NAET Allergy Elimination Technique
NAET allergy elimination treatment is simple and effective, and can be used as a diagnostic tool for food and additive intolerances. NAET can then be used to treat the sensitivities and open up the energy meridians associated with the allergy. This treatment works very well in combination with craniosacral. However some extremely traumatised children require sensitive cranio treatment before their body can respond to the muscle testing used for NAET. If the NAET practitioner says they can’t treat your child, then maybe try craniosacral therapy first. |
Vaccines
If you’d like to read more on the effects that vaccinations may have on the brain and their role in contributing to learning difficulties please take a look at this article. The good news is that the effects of heavy metal poisoning and membrane contraction can be largely relieved using a combination of NAET and craniosacral therapy. However it is important to redress the balance as soon as possible as the consequences can be lifelong and extremely debilitating. The sooner they are tackled, the sooner your child can continue to develop normally.
Birth Trauma
Some of these learning conditions may originate in trauma experienced at birth, by the cranium being squashed in the birth canal and the brain deprived of oxygen. The shock effects of birth alone are enough to affect the emotional security of some children, which can lead to all the above learning difficulties later on, if not diagnosed and treated. Craniosacral is a wonderful therapy for releasing birth trauma, which is best applied soon after birth, but still useful right throughout childhood for the same purpose.
To Conclude:
If a child cannot learn it is usually because of some fundamental inability to engage with their environment. Therefore the core way in which they are not feeling safe in themsevles, or are disconnected from themselves must be resolved. One aspect of this may be a lack of emotional engagement with the child, either in the family or school environment. If you feel this may be the case, then please read the article on emotional empathy.
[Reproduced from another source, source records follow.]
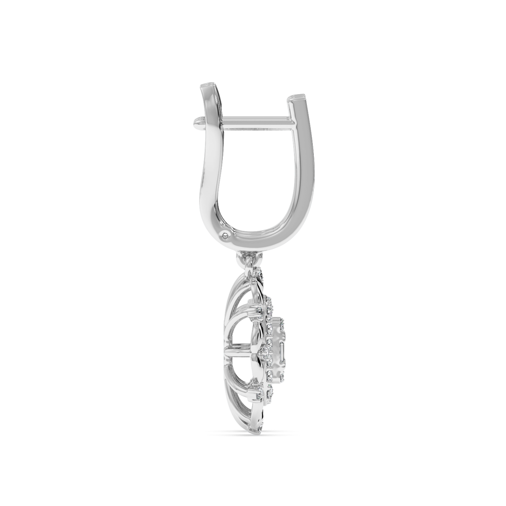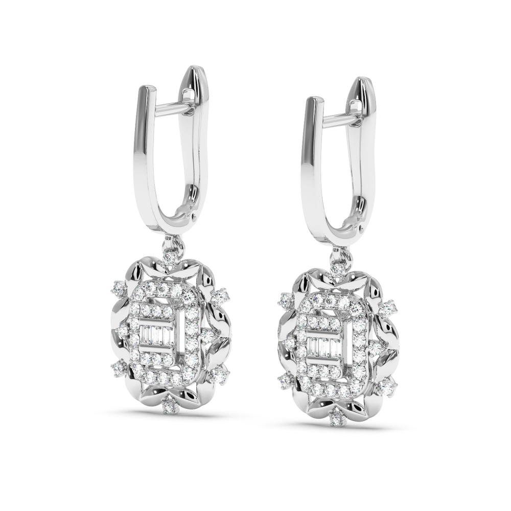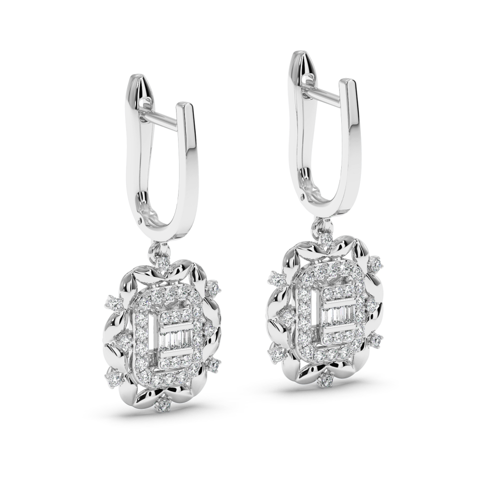 14 K white gold earrings, with Baget Diamonds of 0.04 ct and Round Diamonds of 0.38 ct. The weight of the earrings is approx 3.91 grams and the length is 2.70 cm
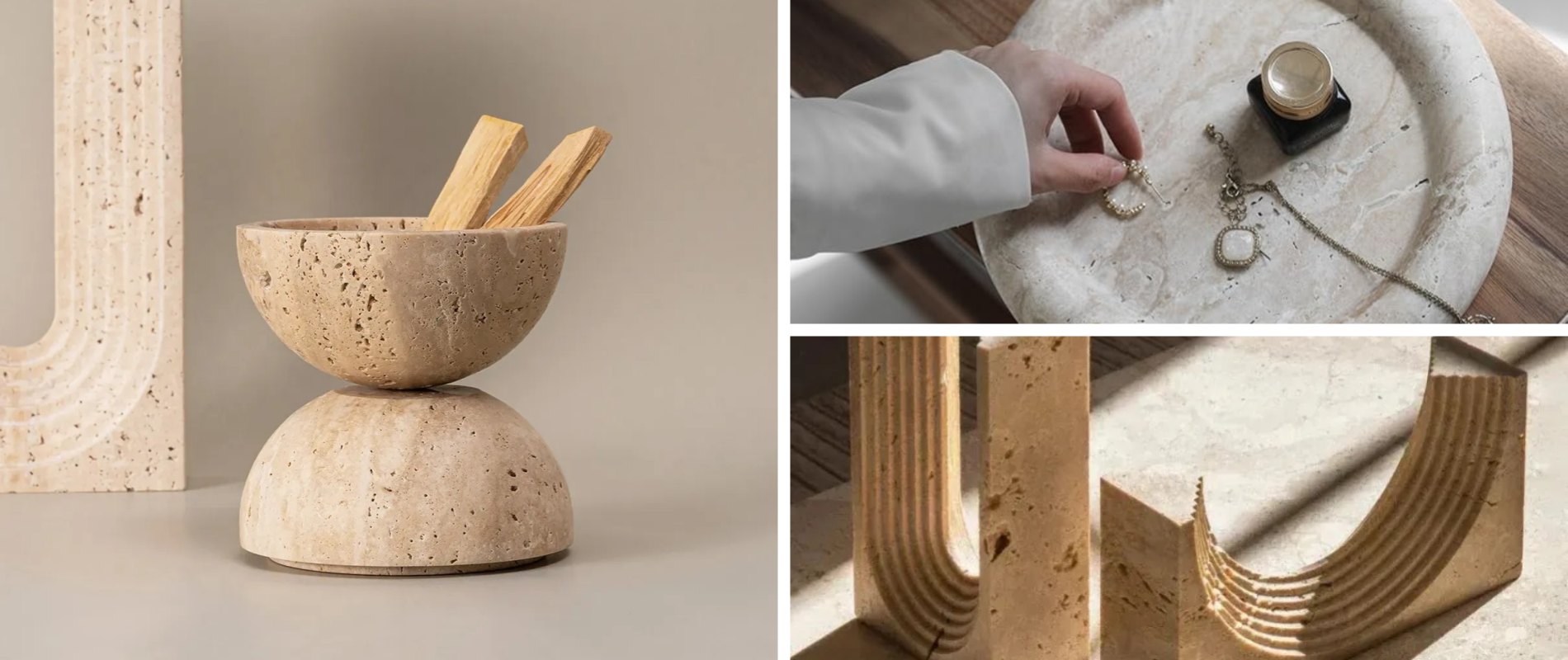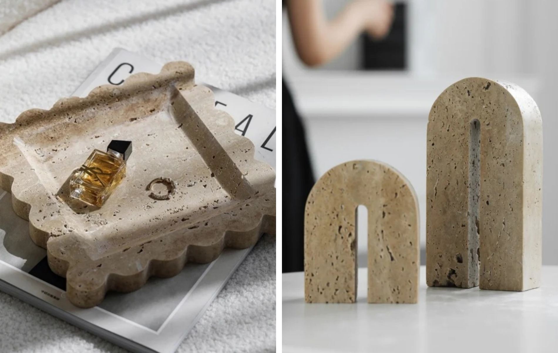 بدون تلميع مبالغ فيه أو تفاصيل براقة، تُبرز هذه القطع سمات الترافرتين الطبيعية: درجات ألوان ناعمة (من البيج الكريمي إلى البني الداكن)، ومسامات محكمة، وأسطح ناعمة تدوم طويلًا. إنها أكثر من مجرد إكسسوارات، بل هي بمثابة مراسي فضاء تجمع بين العملية والفخامة الطبيعية.
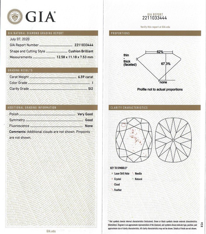 GIA, 2020, Report number 2211033444, 6.59 carats, I color, SI2 clarity with Laser Drill Holes, No fluorescence
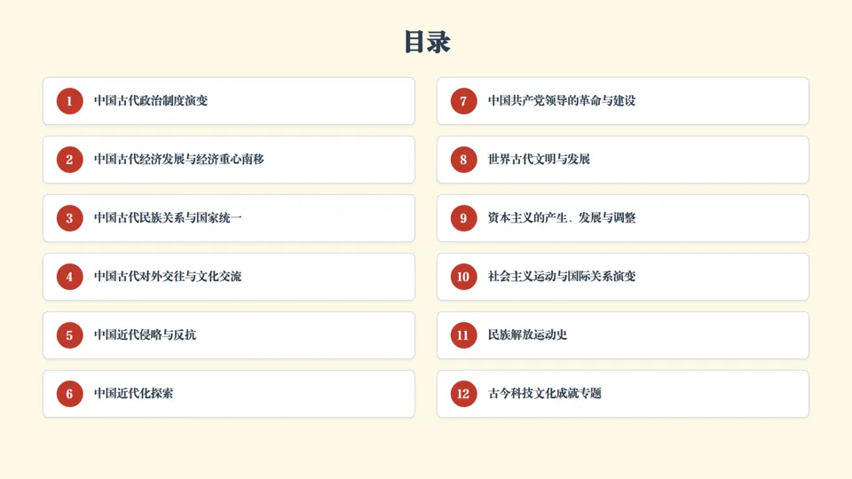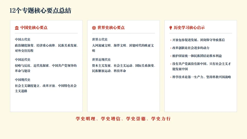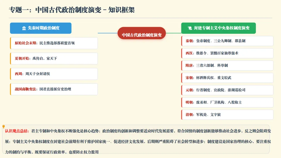 ★认识观点总结 •中国古代政治制度演变核心趋势是君主专制和中央集权不断强化,反映统一多民族国家巩固发展需求 •制度创新要适应时代发展,符合国情的制度创新推动社会进步,反之阻碍发展 •专制主义中央集权制度前期有利于国家统一和经济文化发展,后期严重阻碍社会转型 •制度建设是国家治理核心,要注重权力制约平衡,兼顾行政效率与权力监督 |
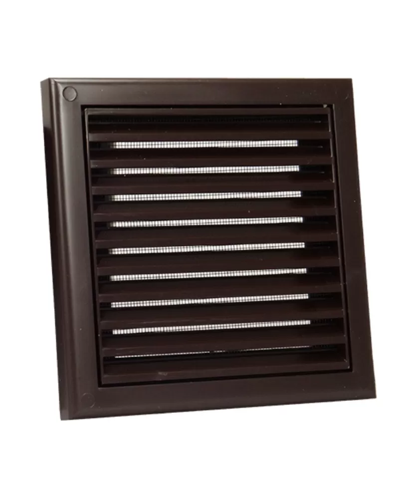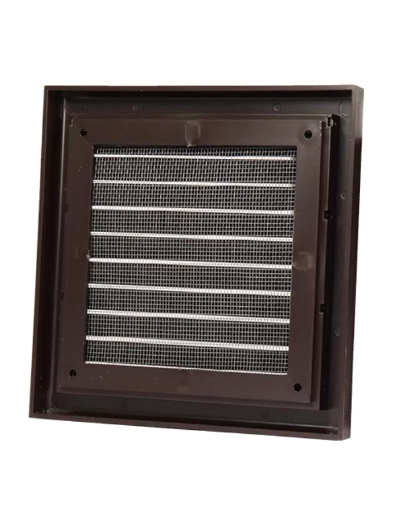 • Plastová větrací mřížka se síťkou proti hmyzu 154x154 mm bez příruby v hnědé barvě je vhodná jak pro větrání, tak i nasávání
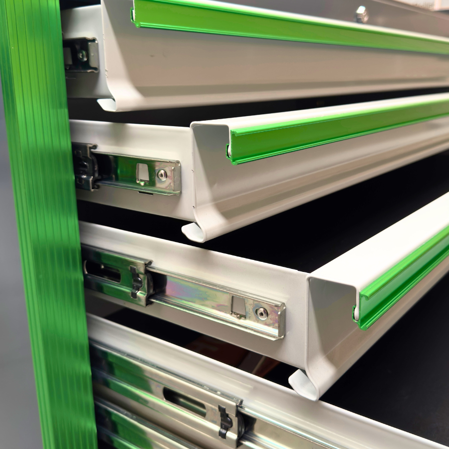 Jimy tool boxes are career spanning and built to last! Jimy tool boxes are fully modular to offer a number of storage combinations to fit your needs. With the extra deep 500mm drawers our 56” tool chest expands your storage capabilities and a massive 680kgs in weight load capacity. It features 7 drawers with full-width drawer handles, pre-cut drawer liners and a single integrated barrel lock. Durable full extension ball bearings and a tough power coated finish make this storage a perfect fit for your home garage or commercial workshop.
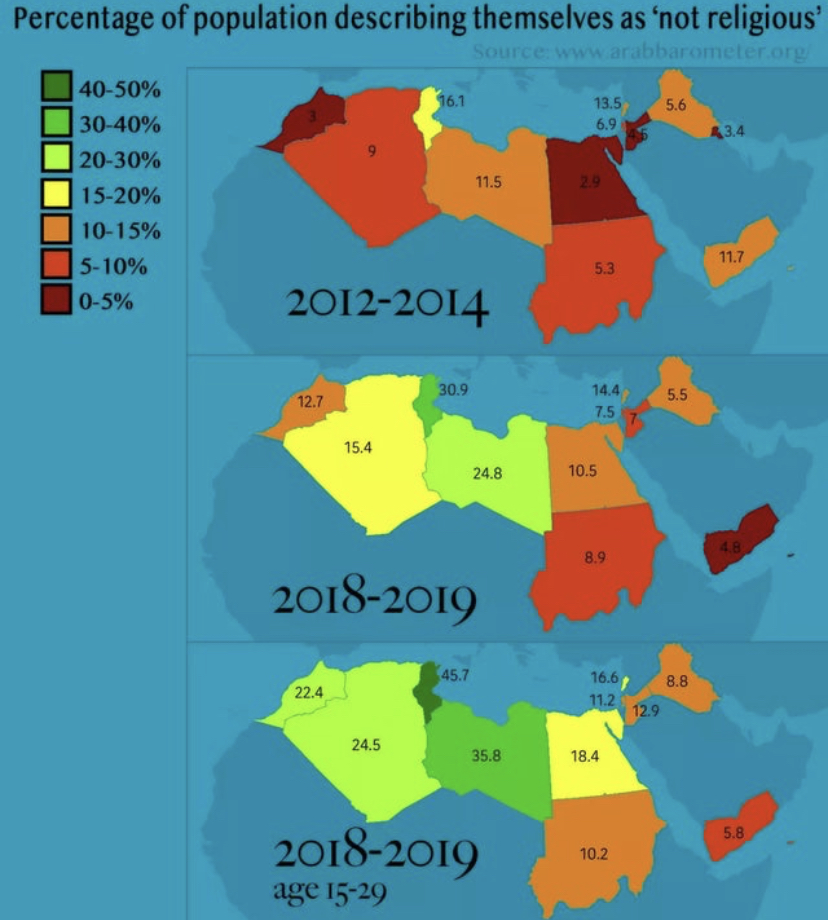 That data is not strong enough to make me believe that Islam in majority Muslim countries will disappear soon.
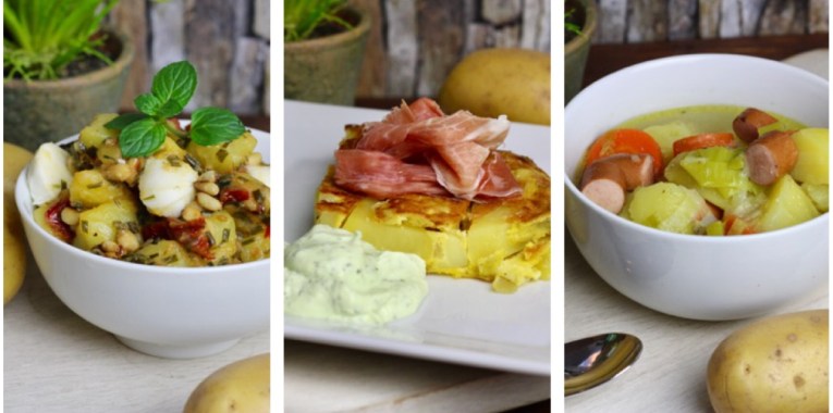 Dieses Mal ist die Knolle im Mittelpunkt der drei Gerichte, die man super parallel kochen kann. Aus 2,5kg Kartoffeln, kriegt man locker 4-6 Leute satt. Je nachdem, ob man einige Komponenten weglässt, kann man die Gerichte teilweise sogar vegan gestalten.
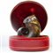 7 x 6,5 x 3 cm entro astuccio in pelle rossa con finiture in oro zecchino.
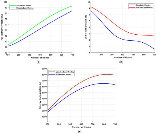 Impact analysis of (a) Packet Delivery Ratio; (b) End-to-End delay; and (c) energy consumption for scheduled and unscheduled nodes in network.

This disengagement and the resulting learning difficulties in children cover a wide range of symptoms which if viewed from a wider emotional and physiological perspective can be treated according to emotional, physical and dietary components. We suggest that looking at elements of diet, allergy elimination, emotional history, birth trauma, phsycial stress and grounding can been an excellent starting point. We have found these treatments to be especially effective when combined with craniosacral therapy, since a healthy child is one whose core energy can flow unobstructed, and who feels safe and free to be themselves. When a child feels safe and supported s/he feels good in the physical body, and able to interact effectively with the environment. Then most learning difficulties are no longer an issue. Except the things which the child is not intersted in learning, and if so, please read the article on school issues. Always remember, if nothing works, treat the parents. They are most likely the cause.